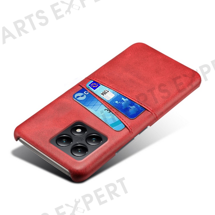 For Xiaomi 14T Case Dual Card Slots PU Leather + Hard PC Phone Cover - Red
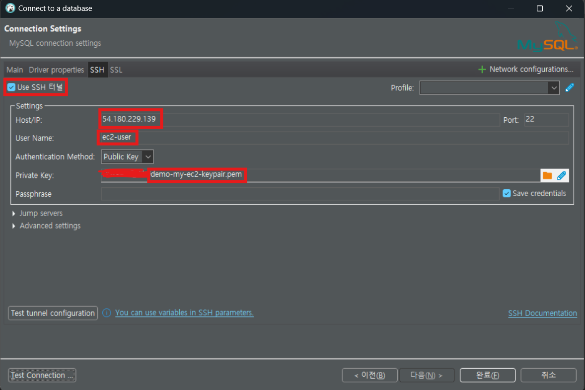 b. DB 툴에서 SSH 연결 설정
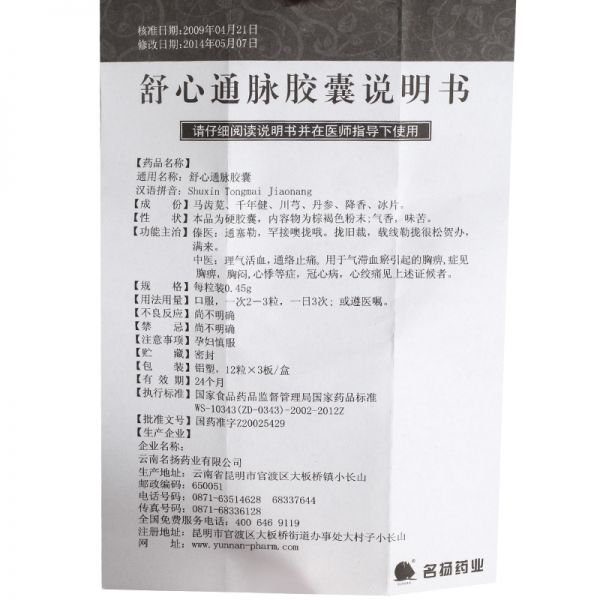 名扬药业 舒心通脉胶囊0.45g*36粒
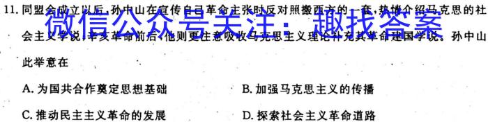 11.同盟会成立以后,在宣传自己革命主张时反对照搬西方的一套,热情介绍马克思的社会主义学说;辛亥革命前后,他则更注意吸收理论补充其革命建国学说。此举意在A.为国共合作奠定思想基础B.加强的传播C.推动民主主义革命的发展D.探索社会主义革命道路
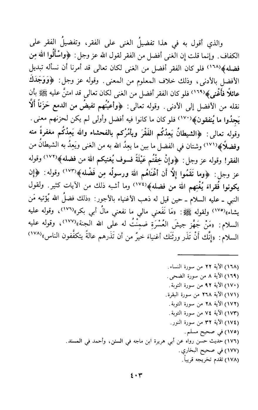 وقَوْله تَعَالَى: {الشَّيْطَانُ يَعِدُكُمُ الْفَقْرَ وَيَأْمُرُكُمْ بِالْفَحْشَاءِ وَاللَّهُ يَعِدُكُمْ مَغْفِرَةً مِنْهُ وَفَضْلا} [البقرة: 268] وشتان في الفضل ما بين ما يعد الله به من الغنى، ويعد به الشيطان من الفقر! وقوله عز وجل: {وَإِنْ خِفْتُمْ عَيْلَةً فَسَوْفَ يُغْنِيكُمُ اللَّهُ مِنْ فَضْلِهِ} [التوبة: 28] وقوله عز وجل: {وَمَا نَقَمُوا إِلا أَنْ أَغْنَاهُمُ اللَّهُ وَرَسُولُهُ مِنْ فَضْلِهِ} [التوبة: 74] وقوله: {إِنْ يَكُونُوا فُقَرَاءَ يُغْنِهِمُ اللَّهُ مِنْ فَضْلِهِ} [النور: 32] وما أشبه ذلك من الآيات كثير. ولقول «النبي - عَلَيْهِ السَّلَامُ - حين قيل له: ذهب الأغنياء بالأجور: ذلك فضل الله يؤتيه من يشاء» ولقوله - صَلَّى اللَّهُ عَلَيْهِ وَسَلَّمَ -: «ما نفعني مالي ما نفعني مال أبي بكر»، وقوله - عَلَيْهِ السَّلَامُ -: «من جهز جيش العسرة ضمنت له على الله الجنة»، وقوله - عَلَيْهِ السَّلَامُ -: «إنك أن تذر ورثتك أغنياء خير من أن تذرهم عالة يتكففون الناس»
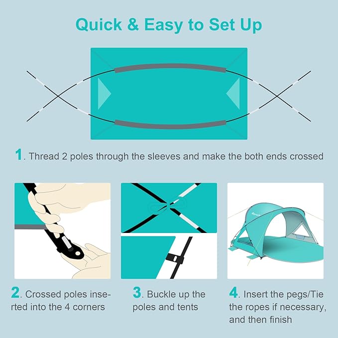 • Stable and Durable Construction: Equipped with sturdy 8.5mm thickened poles, 4 sandbags (2 on each side), 8 stakes (including 4 ground stakes and 4 plastic stakes), and 4 wind ropes, the tent can withstand 3-4 level wind forces to remain stable and secure, ensuring reliable windproof performance for your beach adventures

◆ Instructions for the task ◆
Repeat, without pictures, exactly the lines of the data above from the one containing "名扬药业 舒心通脉胶囊0.45g*36粒" through the one containing "11.同盟会成立以后,在宣传", including both and adding nothing.

◆ Written solution ◆
 名扬药业 舒心通脉胶囊0.45g*36粒
 11.同盟会成立以后,在宣传自己革命主张时反对照搬西方的一套,热情介绍马克思的社会主义学说;辛亥革命前后,他则更注意吸收理论补充其革命建国学说。此举意在A.为国共合作奠定思想基础B.加强的传播C.推动民主主义革命的发展D.探索社会主义革命道路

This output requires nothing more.